The spring is going to be packed with planned HS soccer starting practice in Feb,  league games through May playoffs until June.    

This is a curious statement since the CIF announcement is already affecting club soccer and CS and the leagues are making adjustments according:








						Cal South’s Statement regarding the CIF’s Sports Season Announcement - Cal South
					






					calsouth.com


----------



## Eagle33 (Jul 22, 2020)

it's ambitious to say the least. Even though I do believe we all will be able to start training, there will be no games until Winter/Spring


----------



## Traore (Jul 22, 2020)

It looks like the leagues will change their schedules to accommodate the new CIF Spring schedule.  This will cut down on the overuse injuries from overlapping schedules.


----------



## Ellejustus (Jul 22, 2020)

timbuck said:


> Glad they made an announcement.
> What is the reason for the long break from November 23-January 17th?  I could see taking off the weekend of Thanksgiving and from December 23-January 4th for the holiday.


The flu?


----------



## Eagle33 (Jul 22, 2020)

Ellejustus said:


> The flu?


nah, it's just a break for when Michelle goes on vacation


----------



## Sokrplayer75 (Jul 22, 2020)

JumboJack said:


> Anyone else receive this info from their club?
> 
> View attachment 8231
> View attachment 8232


Hope this works out.....we will see?


----------



## Soccer (Jul 23, 2020)

timbuck said:


> Glad they made an announcement.
> What is the reason for the long break from November 23-January 17th?  I could see taking off the weekend of Thanksgiving and from December 23-January 4th for the holiday.


Club tournaments, cannot cut into members tournaments.


----------



## Soccer (Jul 23, 2020)

timbuck said:


> Glad they made an announcement.
> What is the reason for the long break from November 23-January 17th?  I could see taking off the weekend of Thanksgiving and from December 23-January 4th for the holiday.


Club tournaments, cannot cut into members tournaments.


----------



## Eagle33 (Jul 23, 2020)

Whether SCDSL is going to start or not will come down to field permits, which right now is very hard thing to come by.


----------



## JumboJack (Jul 23, 2020)

Eagle33 said:


> Whether SCDSL is going to start or not will come down to field permits, which right now is very hard thing to come by.
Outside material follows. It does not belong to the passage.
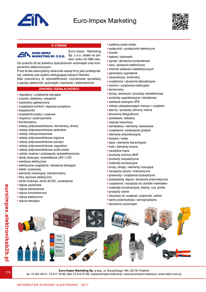 Euro-Impex Marketing O FIRMIE Euro-Impex Marketing Sp. z o.o. działa na polskim rynku od 1990 roku. Od przeszło 25 lat jesteśmy dystrybutorem automatyki oraz komponentów elektronicznych. Przez te lata stworzyliśmy wizerunek naszej firmy jako profesjonalnej, rzetelnej oraz szybko obsługującej naszych klientów. Nasi pracownicy to wykwalifikowani inżynierowie sprzedaży z zakresu elektroniki, automatyki, mechaniki i elektrotechniki. ZAKRES DZIAŁALNOŚCI euroimpex.elektronikab2b.pl 174 regulatory i urządzenia sterujące czujniki, detektory, wskaźniki separatory galwaniczne urządzenia kontroli i regulacji przepływu bezpieczniki przekaźniki prądu i czasowe rezystory i potencjometry kondensatory układy półprzewodnikowe, konwertery, drivery układy półprzewodnikowe dyskretne układy mikroprocesorowe układy półprzewodnikowe logiczne układy półprzewodnikowe pamięci układy półprzewodnikowe, regulatory układy półprzewodnikowe audio-wideo układy scalone i podzespoły optoelektroniczne diody świecące, wyświetlacze LED i LCD zasilacze elektryczne elektryczne urządzenia i akcesoria testujące kable i przewody elementy indukcyjne, transformatory filtry sieciowe elektryczne silniki krokowe, silniki AC/DC, przekładnie złącza zaciskowe złącza wielopolowe złącza koncentryczne złącza elektryczne złącza testujące systemy audio-wideo wyłączniki i przełączniki elektryczne liczniki baterie i ładowarki sprzęt i akcesoria komputerowe sieci, akcesoria telefoniczne mierniki wielkości nieelektrycznych generatory sygnałowe oscyloskopy, multimetry urządzenia i akcesoria laboratoryjne wzorce i urządzenia kalibrujące termometry lampy, akcesoria i produkty oświetleniowe produkty sygnalizacyjne i dźwiękowe zasilacze awaryjne UPS układy zabezpieczające maszyn i urządzeń alarmy i produkty ochrony mienia akcesoria fotograficzne podstawki, radiatory osprzęt lutowniczy wentylatory i elementy nawiewowe urządzenia i podzespoły grzejne elementy antywibracyjne łożyska i tuleje pasy i elementy transmisyjne koła i elementy toczne narzędzia tnące produkty ochrony BHP produkty antystatyczne materiały produkcyjne śruby, wkręty i elementy mocujące narzędzia ręczne i mechaniczne przewody i urządzenia hydrauliczne podzespoły, złącza i akcesoria pneumatyczne urządzenia i narzędzia do obróbki materiałów materiały konstrukcyjne, blachy, rury, profile produkty cierne obudowy do urządzeń, pojemniki, walizki taśmy przemysłowe i samoprzylepne akcesoria czyszczące Euro-Impex Marketing Sp. z o.o., ul. Surzyckiego 16A, 30-721 Kraków tel. 12 421 95 51, 12 417 16 50, faks 12 412 57 06, [email protected], www.euroimpex.krakow.pl, www.rseim.com.pl I N F O R M AT O R R Y N KO W Y E L E K T R O N I K I 2017 OFEROWANE PRODUKTY Nasza oferta obejmuje szeroki zakres produktów ponad 2000 firm z całego świata (obecnie ponad 700 000 pozycji katalogowych), szczególnie produktów trudno dostępnych i nietypowych. Od 10 lat specjalizujemy się także w zaopatrywaniu odbiorców przemysłowych w stałe dostawy komponentów do produkcji oraz ich konfekcjonowanie wg specyfikacji klientów. Prowadzimy także specjalistyczny montaż. W 2009 roku otrzymaliśmy NATOWSKI KOD Podmiotu Gospodarki Narodowej, co pozwala nam nieustannie poszerzać grono klientów wśród wojskowych zakładów produkcyjnych. Z myślą o naszym rozwoju i podniesieniu jakości świadczonych usług w 2012 roku wdrożyliśmy system zarządzania ISO 9001:2008 wraz z niektórymi elementami systemu TS16949. Wprowadziliśmy także dodatkowy standard – bezpośrednią konsultację inżynierską. Będzie nam zatem bardzo miło sprostać Państwa wymaganiom i oczekiwaniom. Chętnie także przyjmiemy wszelkie spostrzeżenia naszych klientów, w jaki sposób możemy polepszyć wzajemną komunikację. OBSŁUGA KLIENTA Świadczymy obsługę przede wszystkim na terenie Polski, lecz wśród naszych odbiorców znajdziecie Państwo także firmy z Europy, Japonii, Chin i USA. W zależności od Państwa potrzeb dysponujemy czasem, który przy wzajemnych kontaktach pozwoli lepiej i wydajniej sprecyzować oczekiwania i wymagania naszych klientów oraz szybko znaleźć rozwiązanie. Staramy się w miarę naszych możliwości sprostać wszystkim wymaganiom w zakresie oferty, informacji technicznych o produktach oraz całej obsługi handlowej. W związku z powyższym dbamy w szczególny sposób o terminy dostaw, które w chwili obecnej nie przekraczają 1-3 dni roboczych. Wszelkie dodatkowe informacje dotyczące naszej działalności można uzyskać w naszym dziale handlowym. Serdecznie zapraszamy. NASI PARTNERZY euroimpex.elektronikab2b.pl Miło nam poinformować, że jesteśmy wyłącznym dystrybutorem marki ATAM (złącza produkcyjne). Ponadto współpracujemy z czołowymi dostawcami z Europy i Stanów Zjednoczonych. W naszej ofercie znajdziecie Państwo także produkty z katalogu RS Components, Farnell oraz HI-TECH RESISTORS. Szczegółowe informacje dotyczące dostępności znajdują się na naszych stronach: www.rseim.com.pl oraz www.euroimpex.krakow.pl lub telefonicznie w dziale handlowym. Euro-Impex Marketing Sp. z o.o., ul. Surzyckiego 16A, 30-721 Kraków tel. 12 421 95 51, 12 417 16 50, faks 12 412 57 06, [email protected], www.euroimpex.krakow.pl, www.rseim.com.pl I N F O R M AT O R R Y N KO W Y E L E K T R O N I K I 175 2017

True. But a lot can change in three months. Hopefully it changes for the better.


----------



## notintheface (Jul 23, 2020)

This is going to be the greatest ever SCDSL season when the kids have to stay 6 feet away from each other. October. Right.


----------



## espola (Jul 23, 2020)

notintheface said:


> This is going to be the greatest ever SCDSL season when the kids have to stay 6 feet away from each other. October. Right.


It will be easy to play "possession" style.


----------



## SoccerFan4Life (Jul 23, 2020)

espola said:


> It will be easy to play "possession" style.


Kids are going to need water breaks every 10 minutes. It’s going to be rec all stars quality for the first few weeks


----------



## Spectator (Jul 24, 2020)

With fields unavailable and tryouts paused, does anyone know if there is a new player transfer date? In past years, it was 8/1.


----------



## Mosafie (Jul 27, 2020)

What going to change the field situation in October if school districts still stay online. I doubt schools open until after the Christmas breaks. If we are lucky.


----------